Pain, Concentration, and Achievement

The timeline is as follows:

  1. [unknown number of months]: oral pain increases steadily
  2. surgery removes source of pain.  Surgery itself or sheer disorientation leave nerve completely numb.
  3. Two blissful days in which I am completely exhausted but mostly pain free.
  4. Nerve function returns, leaving me to experience the pain of having a portion of my jaw scraped off.  Although actually very little of the pain is at the surgery site.  It’s more likely a compressed nerve due to the influx of blood and lymph

I feel like this has given me a natural experiment of the effect of pain on productivity and concentration, since the shifts were so sharp.

I went to sleep pretty much as soon as I got home from the dentist.  When I woke up 16 hours later, I grabbed the book on my bed and read.  Eventually I looked up, it was two hours later and I’d finished half the book.  I couldn’t remember the last time that happened.  I finished a book a day in the pain free period.  Reading had a sense of flow that I didn’t remember it having in years.  And some of those books were not amazing, but they were pleasant and I felt absorbed, which also hadn’t happened in a long time.  The same thing happened with video games- I was able to enjoy some fun low-brain games instead of something socially worthy like Mass Effect or Papers, Please.  I began to entertain the idea that I might one day play an RPG again.

In the last four days I’ve struggled with two books by authors I’ve enjoyed before.  I dropped one and only finished the other because I figured out what I’m about to tell you:it was impossible for me to have a sense of reading flow.  I’ve always been a little fixated on updating my progress on books on goodreads- down to a percent or two if I’m listening to a mediocre book on my bus commute.  Less in other cases, but present.  That disappeared with the pain, and came back with it too.

Productivity wise, I at least felt way more productive while I was exhausted-but-unpained.  I would watch an episode of TV, do one little chore, then take a three hour nap.  My apartment was actually trending upwards, and I was getting very high quality sleep.  In pain, I don’t sleep well, so I don’t have that burst of energy that lets me clean, so I don’t tire myself, so now both pain and jitters are keeping awake, so I’m spending a lot of time in a stupor accomplishing nothing, including healing.  I have more energy in the sense of “I can walk farther without collapsing”, but am ever so slightly losing to entropy.  I’m not physically incapable of putting my dishes away, and I notice that it needs to be done, just not when I have any reserves to do it.

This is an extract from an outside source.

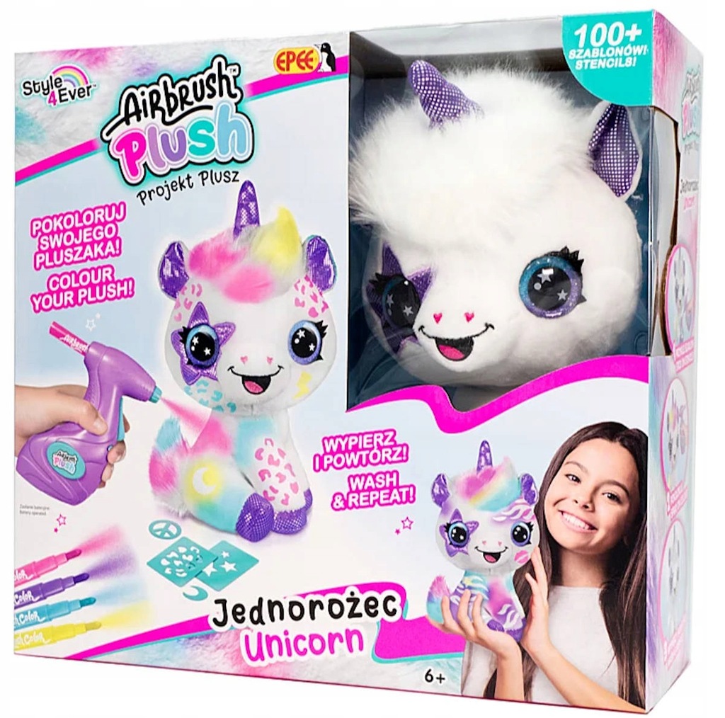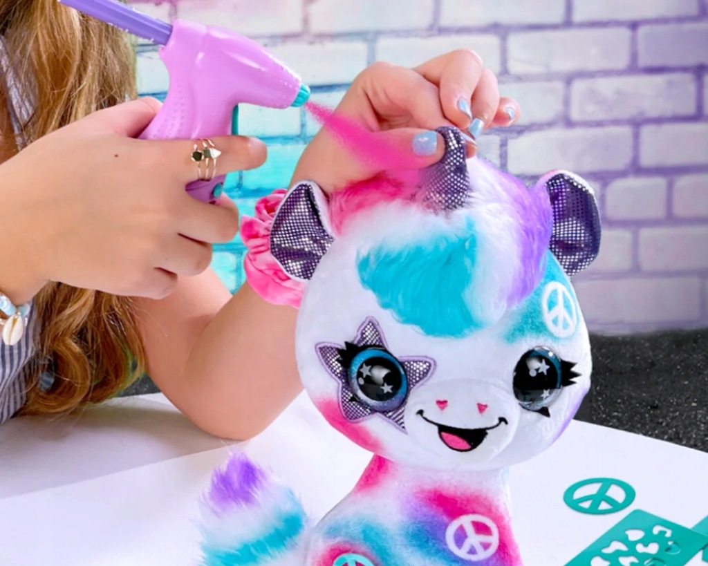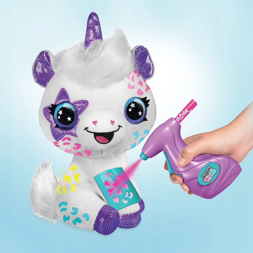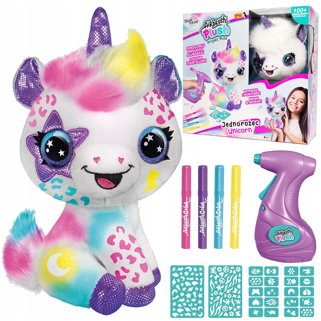 Kto nigdy nie marzył o tym, by ozdobić swojego ulubionego pluszaka? Z tym rewelacyjnym zestawem staje się to takie proste! Nadaj swojej, jedwabiście miękkiej maskotce nowy styl za pomocą łatwego w użyciu aerografu i 4 kolorowych markerów! Stwórz swój wzór odręcznie lub skorzystaj z jednego z ponad 100 wzorów z szablonów. Wypierz i twórz nowe stylizacje dla Twojego zwierzaka, raz za razem! Dzięki bardzo dużej liczbie szablonów możesz cieszyć się wieloma godzinami kreatywnej zabawy!

Elodie Under Glass (no relation) has a guest post up on Captain Awkward about the low mood cycle.  It’s brilliant and you should read it on those merits, but the important point for my story is that humans can get in a cycle of not doing anything because they don’t have any motivation, and not having any motivation because they never get anything done.  She calls it the thought->behavior->outcome cycle.  That point where outcome feeds thoughts and make you feel better?  I call it getting a hit of Accomplishment.*  When I’m in this much pain, there is no hit. I have a few possible explanations speculations for this:

  1. Body has narrowed success criteria for all actions to “did you make the pain go away?”  Moving my dirty dishes in the dishwasher did not make the pain go away, therefor it was a failure, therefor no Accomplishment.
  2. Normally there’s a mini flow state between initiating the action and evaluating the outcome.  When in pain, that walk from the couch to the dishwasher is interrupted every half a second asking if I’m done yet, and registering a failure when I haven’t.  With a 10 second walk, that’s 19 failures to one success- and that’s assuming the washer can accept the dish with no further work, and I don’t see any additional failures in the kitchen to deal with.
  3. Some combination of these
  4. Okay I thought I had more but apparently those are the only two.  In my defense, it’s amazing I’m writing this well considering the level of pain I’m in.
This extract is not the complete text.